A look at the evolving face of the world’s #1 digital currency.

What is bitcoin? A borderless currency? Cash for the darkweb? An uncorrelated asset class? All of these and more, in different proportions and at different points in its history. That’s the conclusion of an intriguing study entitled ‘Visions of Bitcoin’ that takes a look at the different narratives about bitcoin that have existed within the community in the years since its launch.

Because bitcoin doesn’t arise from a company and doesn’t have a formal brand or marketing department, what it is and how it is perceived largely depend on the community. What they use it for, what they want it to be — that’s what it is. And that has changed over time.

Back in 2014, bitcoin was a fantastic tool for e-commerce. With transaction fees of just a few cents, it was the ideal way to purchase goods online from anywhere in the world, without the charges, restrictions and chargebacks associated with credit cards. That vision ran aground when transaction fees spiked as high as $20 last year, at which point ‘digital gold’ — the idea of bitcoin as an investment-grade commodity — came to the fore.

Overall, the authors of the study pinpoint seven different narratives, which have varied in their impact over the years:

  1. E-cash proof of concept
  2. Cheap p2p payments network
  3. Censorship resistant digital gold
  4. Private and anonymous darknet currency
  5. Reserve currency for the cryptocurrency industry
  6. Programmable shared database
  7. Uncorrelated financial asset

You can see the part that these elements have played in the overall bitcoin narrative over time in the chart.
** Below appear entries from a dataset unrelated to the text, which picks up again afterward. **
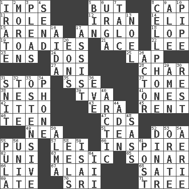 ACROSS 1. Naughty children 5. On the contrary 8. Head covering 11. Hero or heavy, e.g. 12. SW Asia republic 14. Biblical high priest 15. Sports stadium 17. White American of non-Hispanic descent 18. Chop off 19. Sycophants 21. Adept person 22. Area sheltered from the wind 23. Followers of ems 24. Two (Sp.) 25. Infant locale 27. Cuckoo 28. Burn to charcoal 31. Discontinue 35. Compass dir. 37. Heavy book 38. Soft 39. Federal power corp. 41. Singles 42. "Tell ____ the Marines!" 43. Epoch 45. Monthly bill 46. Adolescent 47. Music discs 49. Teachers' org. 51. Beverage made from leaves 52. ___ good deed 55. Ichor 57. Luau accessory 60. Heighten or intensify 62. Corn or form start 63. Of or pertaining to a meson 65. Echolocation 66. 54 in ancient Rome 67. Mountain range southwest of Kyrgyzstan 68. Suttee (variant) 69. Had dinner 70. Indian title of respect (Mr.) 71. Relationship diagram DOWN 1. Feeling or showing extreme anger 2. Person of subnormal intelligence 3. Entreaties 4. Post 5. Storage container 6. Capital and largest city of Mongolia 7. Baby powder 8. Portable communications device 9. _ vera 10. Corncob 13. Christmas carol 16. Opera by Verdi 17. Aid 20. Immeasurably long periods of time 26. Thespian 29. So be it 30. State of inaction 31. In a ____ (agitated or irritated) 32. False hair 33. Clearly or manifestly demonstrative 34. Give a jingle 36. First lady 40. Northern region 44. Arabian gulf 48. Backtalk 50. _ mater 52. Middle Eastern gold or silver currency 53. Speak pompously 54. Nest on high 55. Monetary unit of Botswana 56. A single undivided whole 58. Snakelike fish 59. Austrian river, tributary to the Danube 61. Mail 64. One more than two
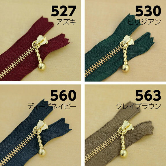 【お得10本SET】 YKK製ファスナー金属ゴールド 玉付きスライダー 止め 35cm 【14色展開】
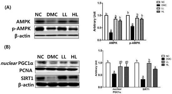 The protein levels of energy metabolism related markers including AMPK, p-AMPK, nuclear PGC1α, and SIRT1 were measured. The protein levels of AMPK, P-AMPK, nuclear PGC1α, and SIRT1 were decreased in the DMC group compared to those in the NC group. However, the protein levels of AMPK and p-AMPK in the LB treatment groups were significantly higher compared to those in the DMC group. The LL group showed a significantly higher level of SIRT1 than that in the DMC group. However, the protein level of PGC1α was not normalized by LBE supplementation (Figure 5).
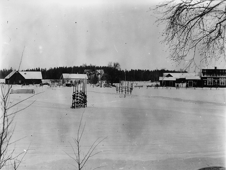 Vintermotiv, vy över "Centrum" i Stortorp, med stationen, handelsboden och Lilla Lisätter.
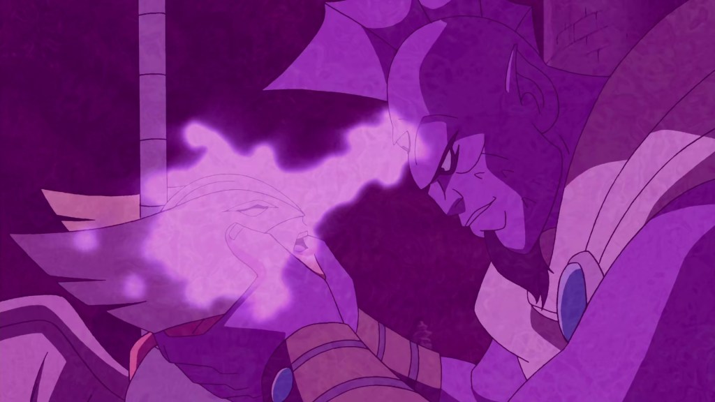 There’s an element of waiting for the other shoe to drop when it comes to the authenticity of Despero’s faith. The DCAU to date trained me to expect him to be revealed as a fraud, pulling the wool over the eyes of his followers and spinning tall tales about how he gained his power, but that’s only partially true, as he appears sincerely devout even when there’s nobody around to trick. He even embraces his ostensible death as the tree roots drag him down into the core of the planet in a christ-like pose. So it seems he did experience a sincere religious connection to the flame, but the evil within him made him interpret it all incorrectly, and when his ‘eyes are opened’ at the end, he goes willingly into the night. Fascinating, IMO.
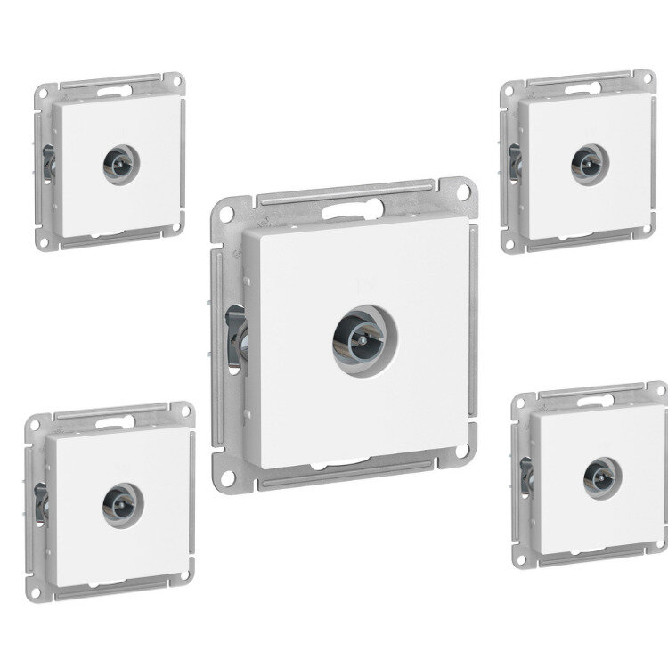 Розетка тв Systeme Electric Atlasdesign антенная, одиночная, комплект 5 шт, белая, ATN000193/5 информация:
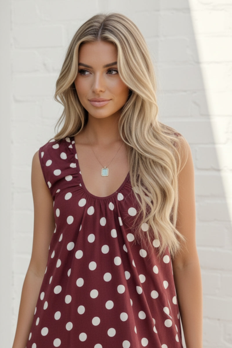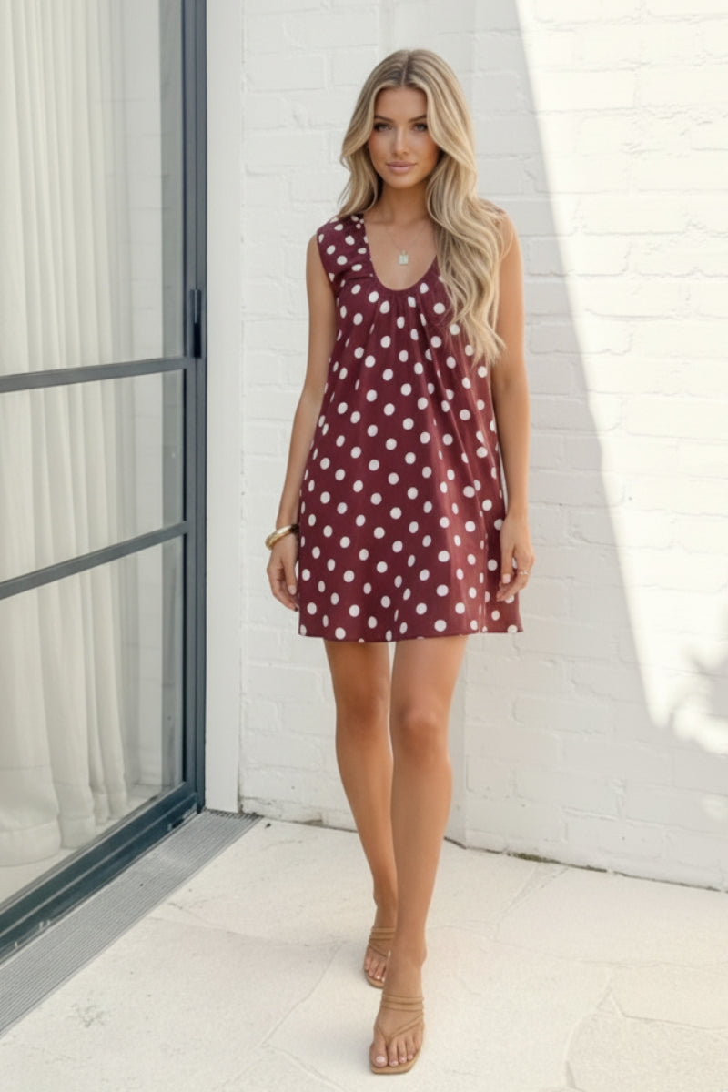 The Danika Dress in Burgundy Spot is a charming and playful mini dress, perfect for a relaxed yet stylish look. It features a flattering scoop neckline with subtle ruching details and a comfortable sleeveless design.
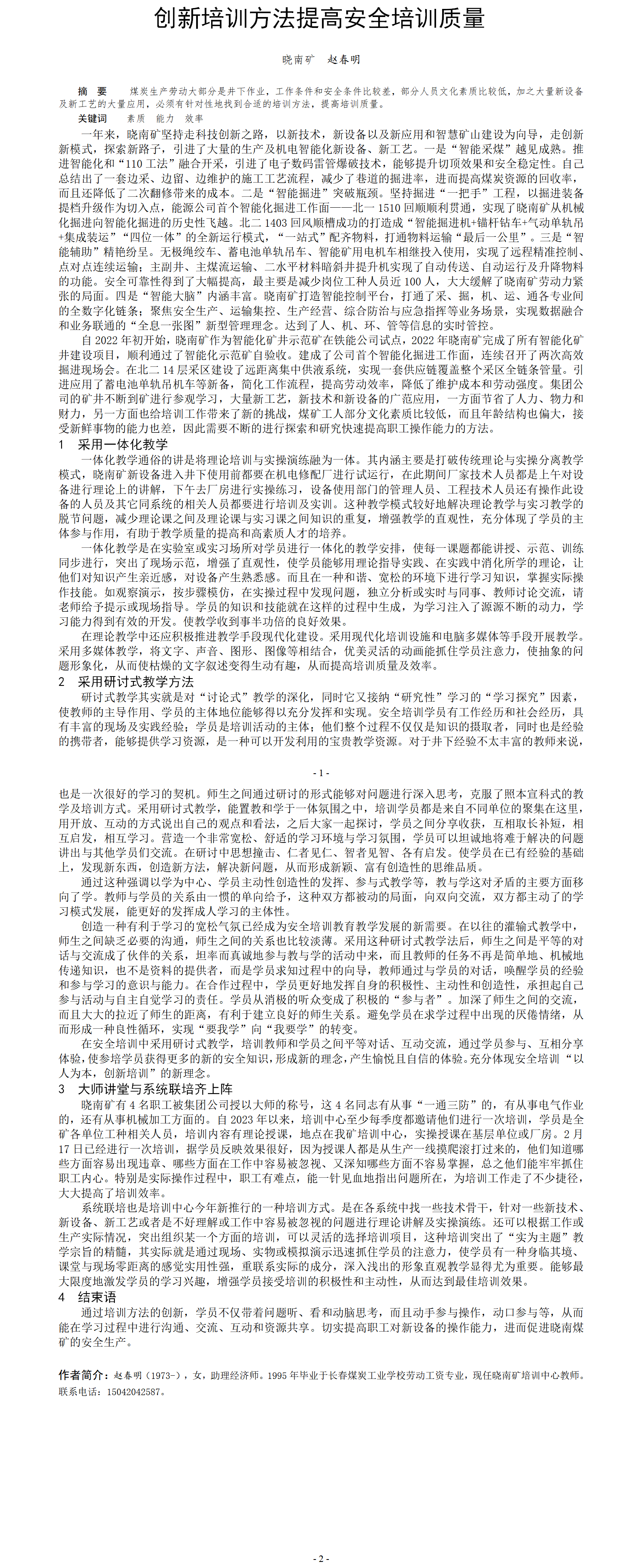 第58屆等級獎(jiǎng)?wù)撐?--創(chuàng)新培訓(xùn)方法提高安全培訓(xùn)質(zhì)量
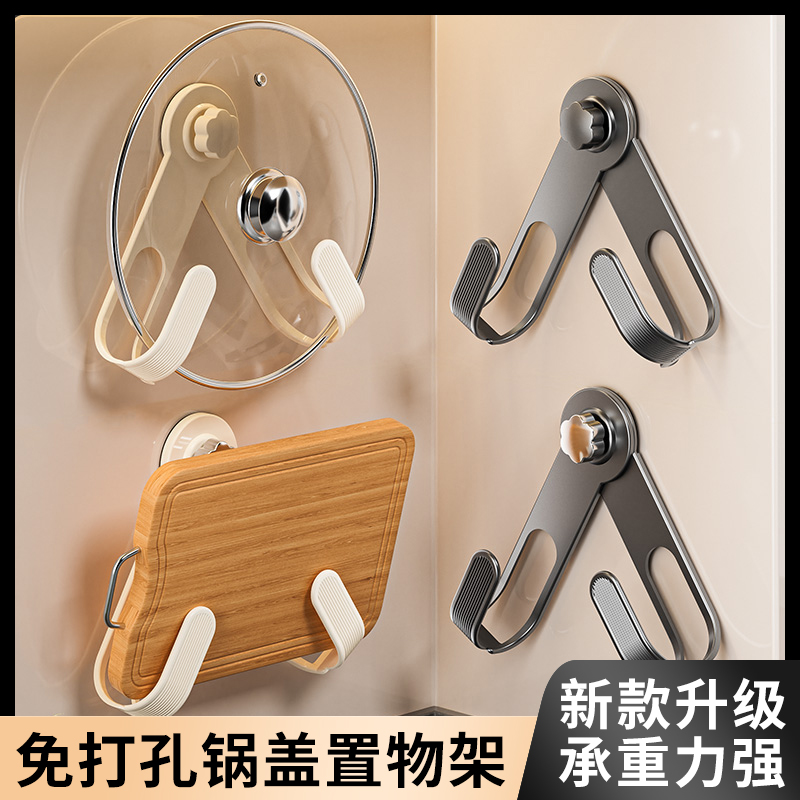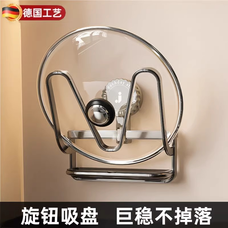 德國吸盤鍋蓋架旋鈕鍋蓋放置器壁掛式免打孔多功能功砧板放置器新
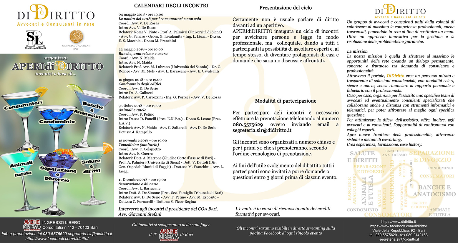 Info e prenotazioni: tel.080.5575629 segreteria.slr@didiritto.it
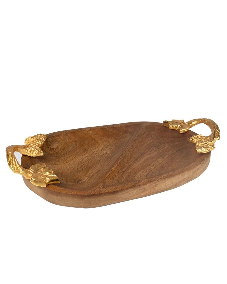 Bandeja para servir en madera pura Color marrón Perfecta para uso de vajilla de hotel y restaurante Hecho EN LA India Asas de diseñador hechas a mano
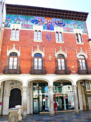 La façade mélange les styles gothique vénitien et moderniste catalan, reflétant la formation de l'architecte Jerónimo Arroyo à Barcelone.
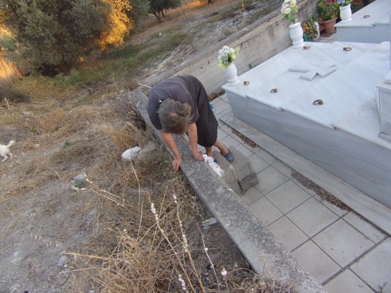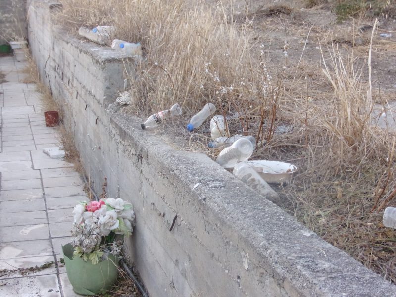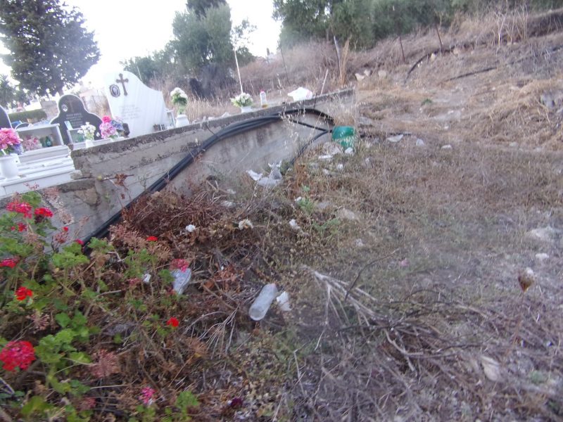 Να φανταστούμε τώρα ένα νεκροταφείο σκέτο σκουπιδαριό στον περιβάλλοντα χώρο, χωρίς ένα μικρό κάδο και στο πίσω του μέρος του? Ένα περιτοίχειο αρκετά υψηλό, χωρίς σκαλιά, που αυτό θα πρέπει η κάθε 85ρα γριά γυναίκα, να το καβαλήσει, με τα τρεμάμενα της πόδια, για να κατέβει σώα και αβλαβή, να πάει να «συνομιλήσει» με το ταίρι της, και να προσευχηθεί στο Πανάγαθο Θεό, για ανάπαυση της ψυχής Του…
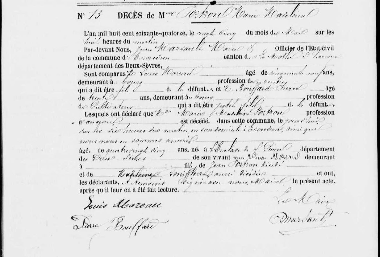 Décès : 21 novembre 1810 à Saint-Coutant 79120
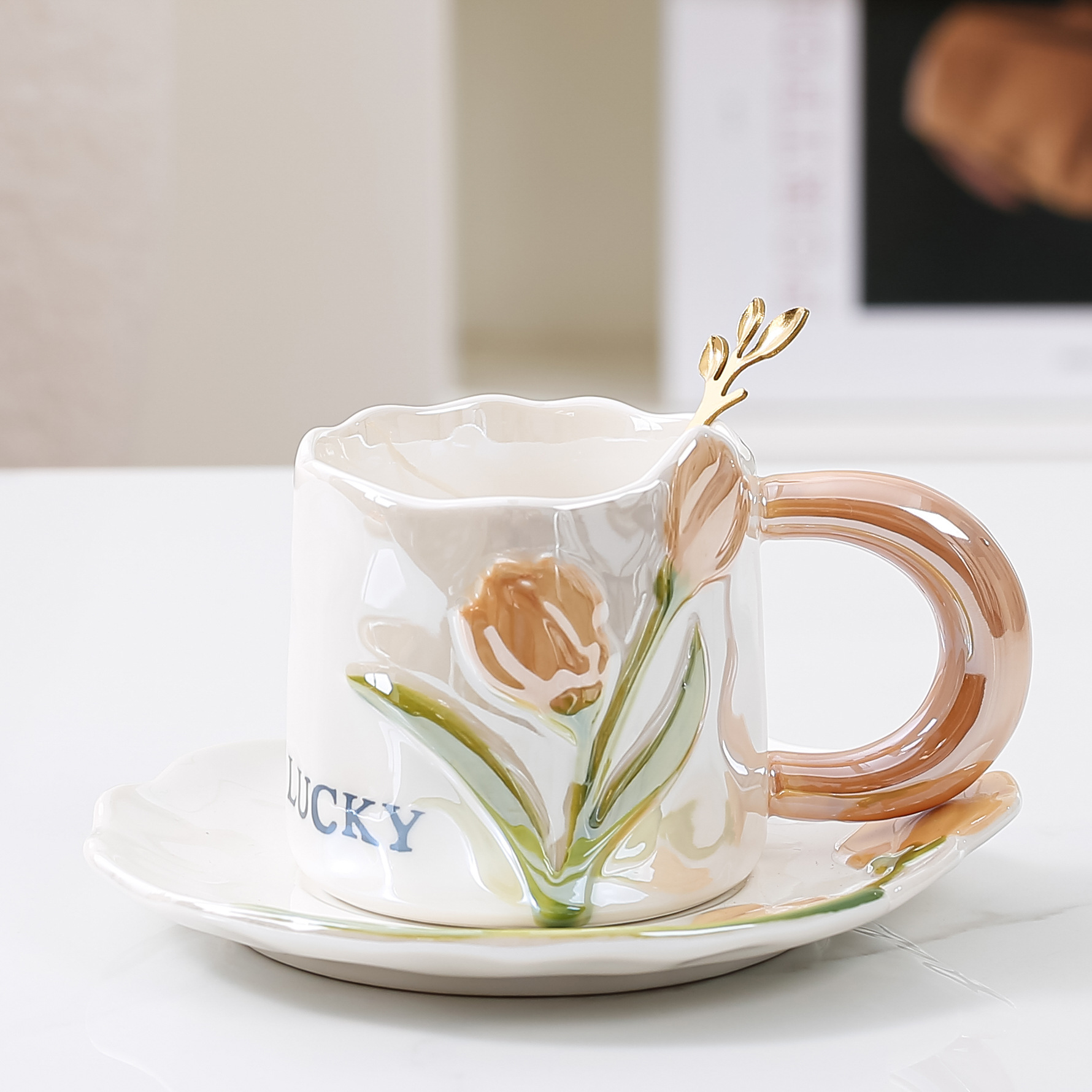 シンプルな風チューリップコーヒーカップ皿かわいい小さな花陶磁器カップ家庭用マグカップ女子オフィス
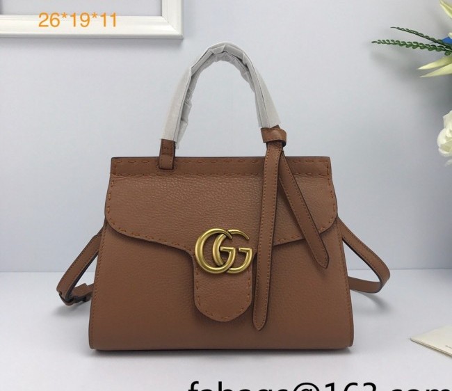 / Gucci GG Marmont Medium Top Handle Bag in Grainy Calfskin 442622 Light Brown 2022

What’s perhaps most interesting is the evolution of different narratives that lie in tension (like cheap payments vs digital gold), and if and how they are resolved. The next tension, it seems, is the transparent financialisation of bitcoin vs its use as an anonymous currency — though with so many looking forward to an ETF, and so many privacy coins now in existence, that battle is all but over.